En prévision de ce travail, Paul a loué en septembre un appartement à l’année. Aujourd’hui, il est en difficulté : "Je me retrouve avec un loyer d'environ 700 euros, pour moins de 1 400 euros de chômage environ. J'aide aussi ma maman, qui est dans le besoin, encore plus que moi. Donc c'est une situation relativement précaire quand même."
"Les revenus changent mais les factures ne changent pas"
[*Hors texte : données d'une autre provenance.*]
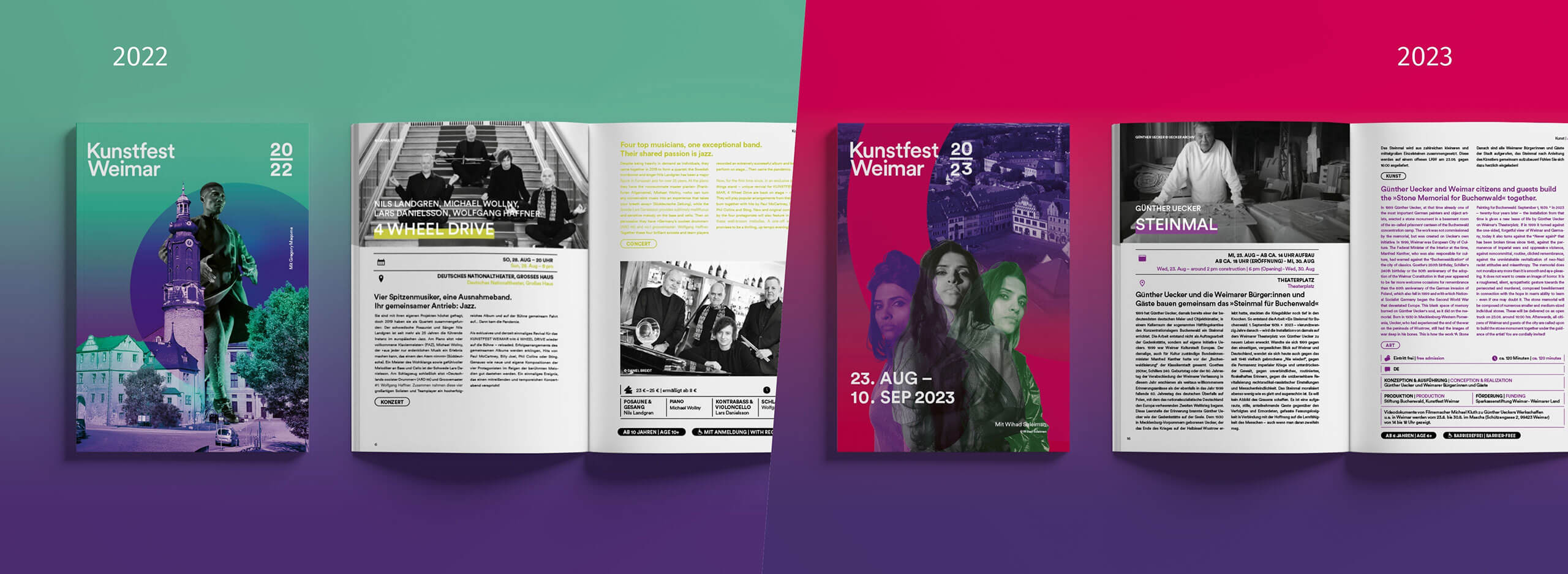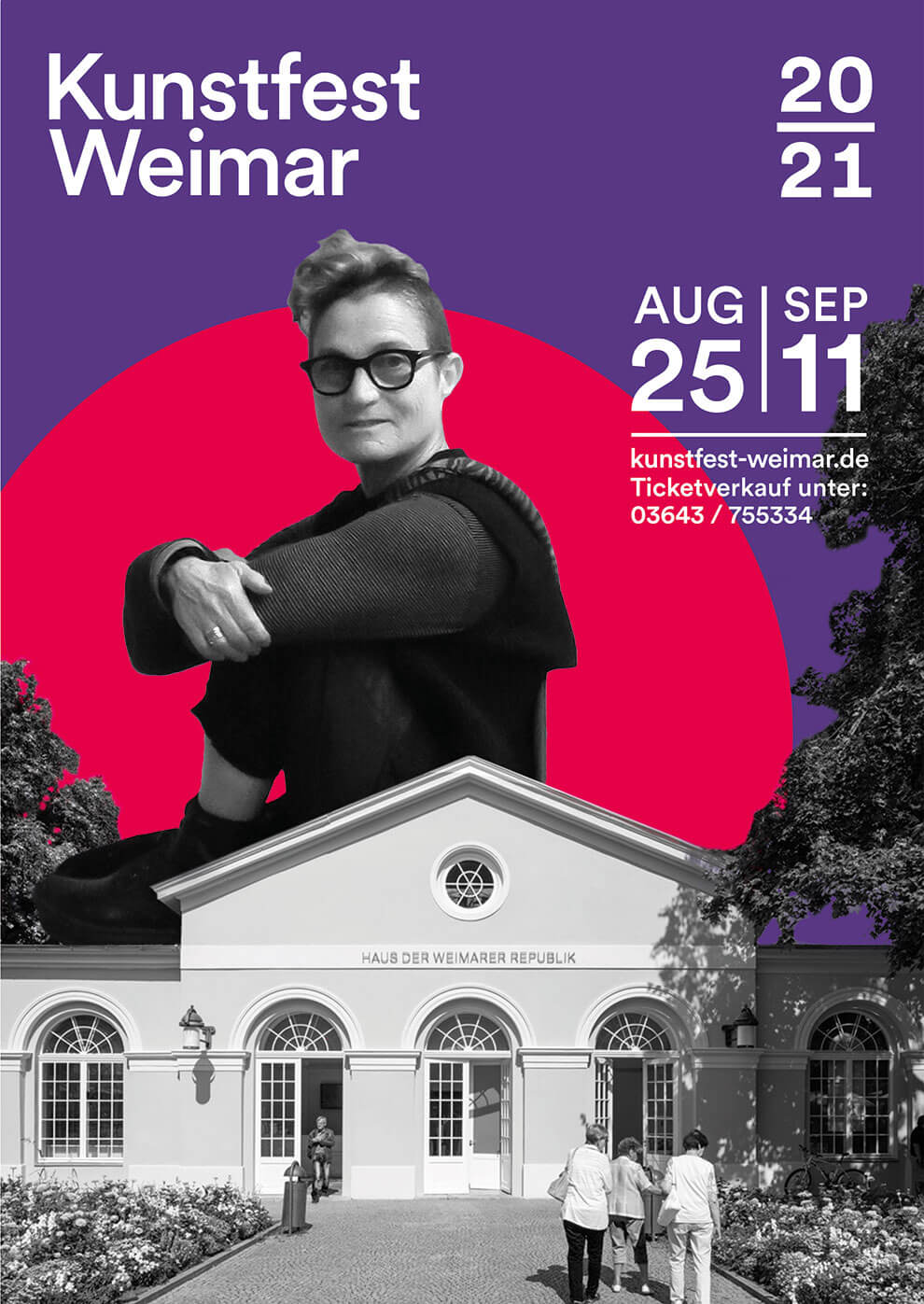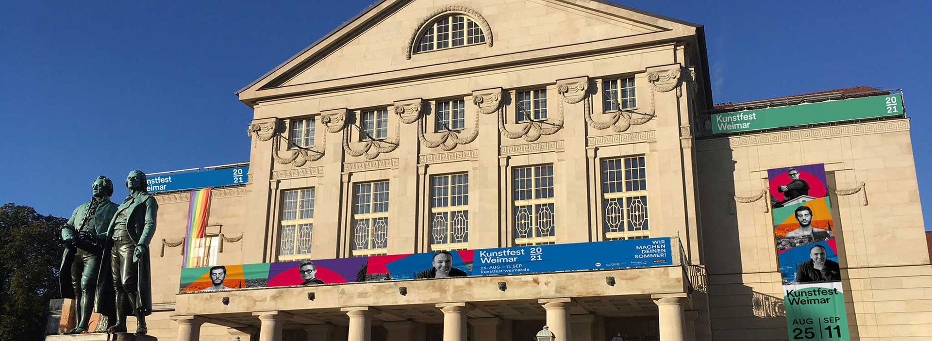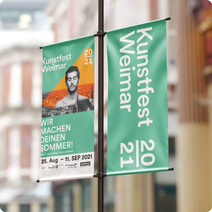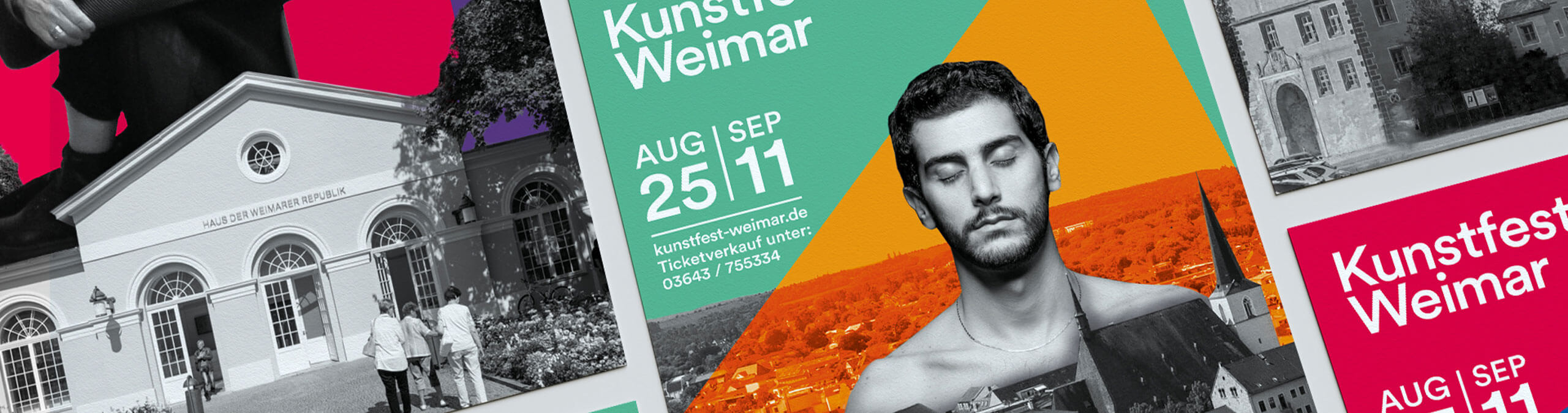 Um all die verschiedenen Kunstformen unter ein Dach zu bringen, war also ein gemeinsamer Look nötig. Einer, der aber nicht nur alles unter ein Dach bringt, sondern gleichzeitig auf die Stadt bzw. den Ort Weimar aufmerksam macht. Und einer, der in Zeiten der Corona-Pandemie auch ein bisschen die Schwere von den Schultern nimmt.
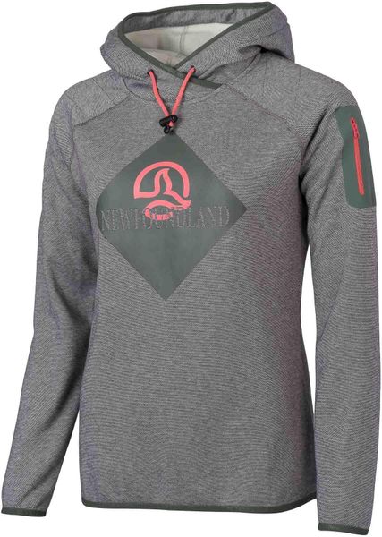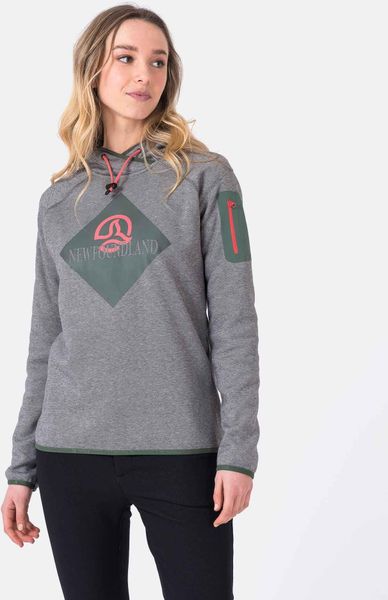 Recycled sports style women's sweatshirt made of Warmshell. Its fabric is recycled and has been made using plastic bottles. And its interior is brushed, breathable and quick-drying. A sweatshirt with a sleeve pocket and an adjustable hood, perfect for any occasion.
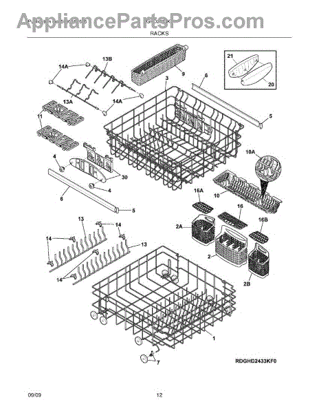 Parts for Frigidaire DGHD2433KF1: 13 - Racks Parts
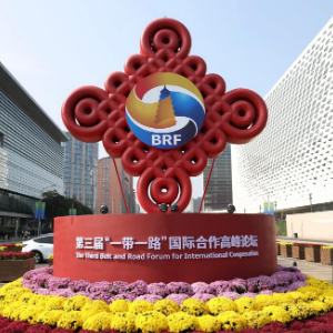 这是2023年10月17日在北京国家会议中心附近拍摄的“一带一路”国际合作高峰论坛景观布置。新华社记者 陈斌 摄
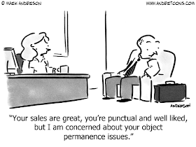 Well, maybe I failed that developmental milestone. I'm just not very sophisticated with my sense of object permanence. If my partner doesn't reach out, then I think he is losing interest.
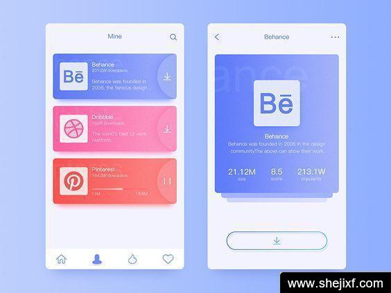 在iOS7以后,界面设计已经趋于扁平化,在扁平化设计兴起之时,渐变是设计师最简单的手法之一,也是移动端APP设计常用的设计技巧。
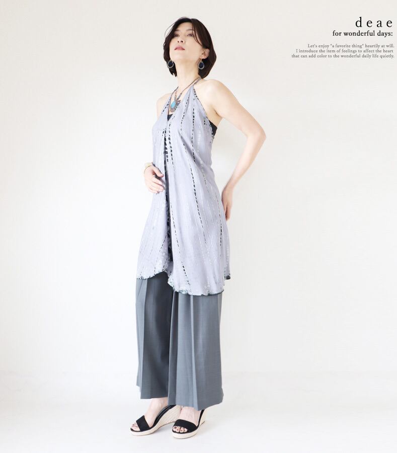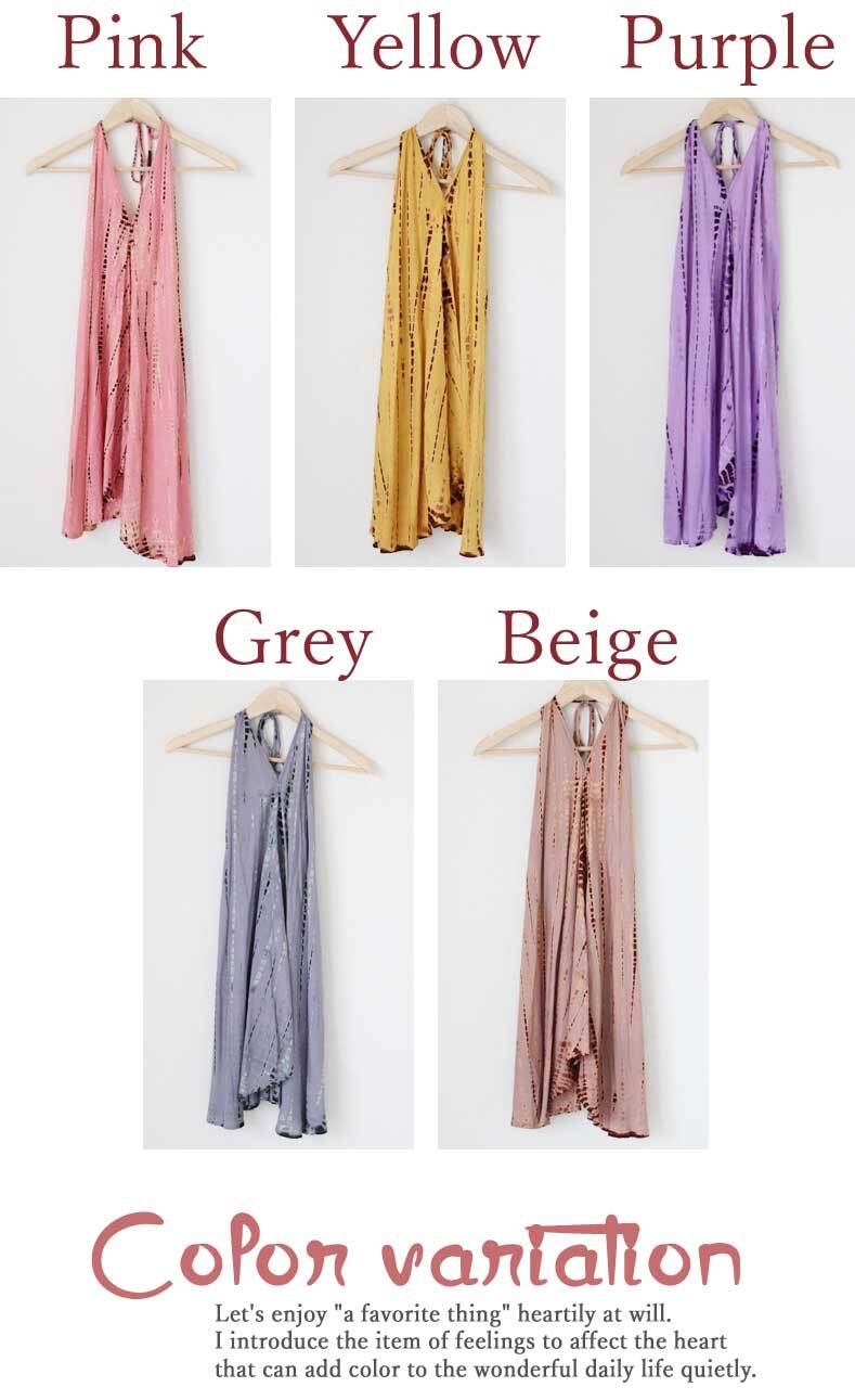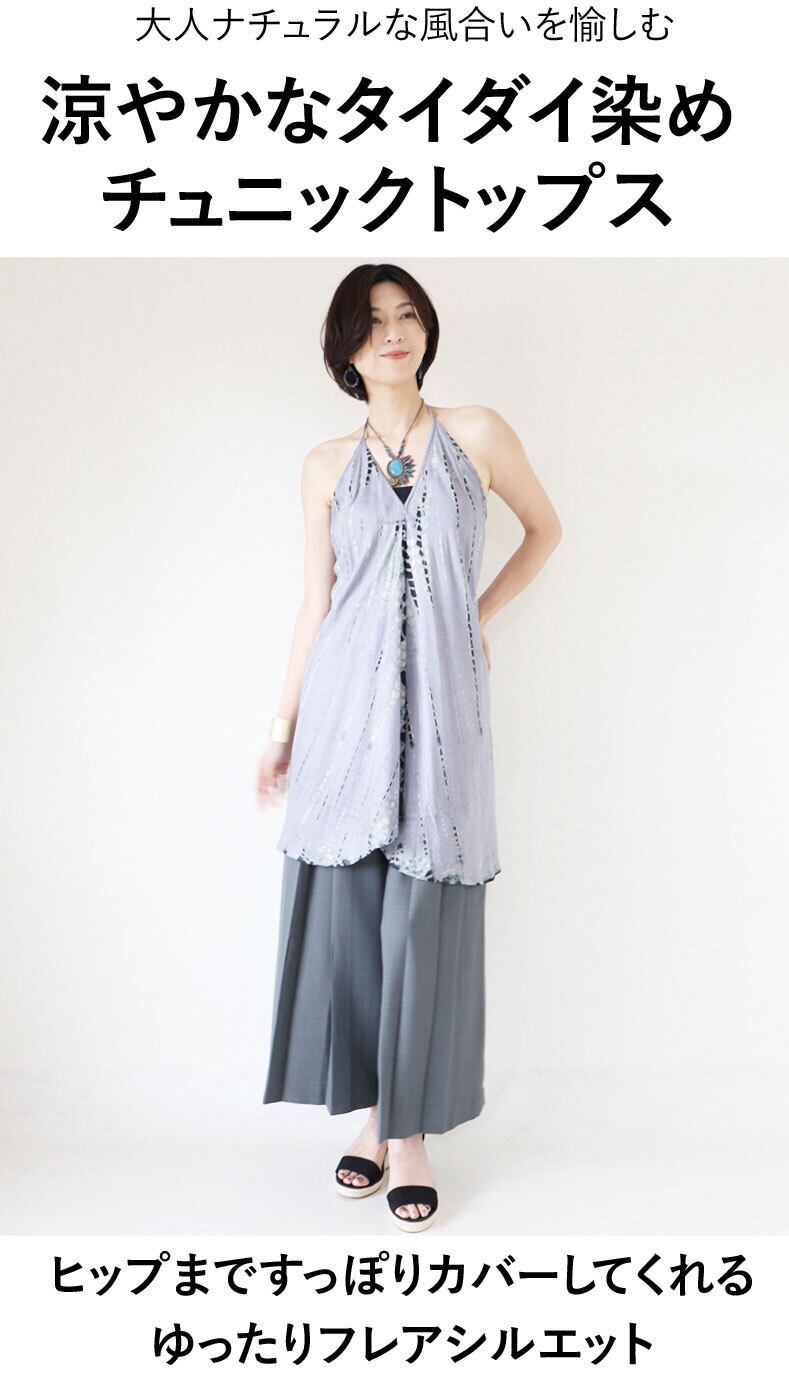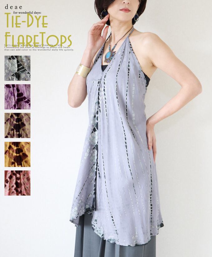 トップス ノースリーブ チュニック ワンピース ホルターネック タイダイ染め レディース ファッション 大人カジュアル エスニック アジアン 大人ナチュラル「上品にエスニックを楽しむ 凛と華やぐタイダイ染めチュニックワンピース」【da10227】 | deae

Paul n’a pas pu bénéficier d’une embauche avec activité partielle, c’est également le cas de Damien, qui travaille en station avec sa compagne, elle aussi saisonnière : "Je n'ai pas de travail depuis mi-septembre, il n'y a pas d'emploi, nulle part. Je suis encore au chômage pendant deux mois, mais ça risque d'être compliqué, si d'ici là on ne peut pas travailler ne serait-ce qu'un petit peu." Damien peut heureusement compter sur ses proches : "On a nos familles qui nous soutiennent, si elles n'étaient pas là, ça ferait longtemps qu'on n'aurait plus grand-chose. On ne peut pas non plus dépendre d'elles, on a quand même 30 et 32 ans."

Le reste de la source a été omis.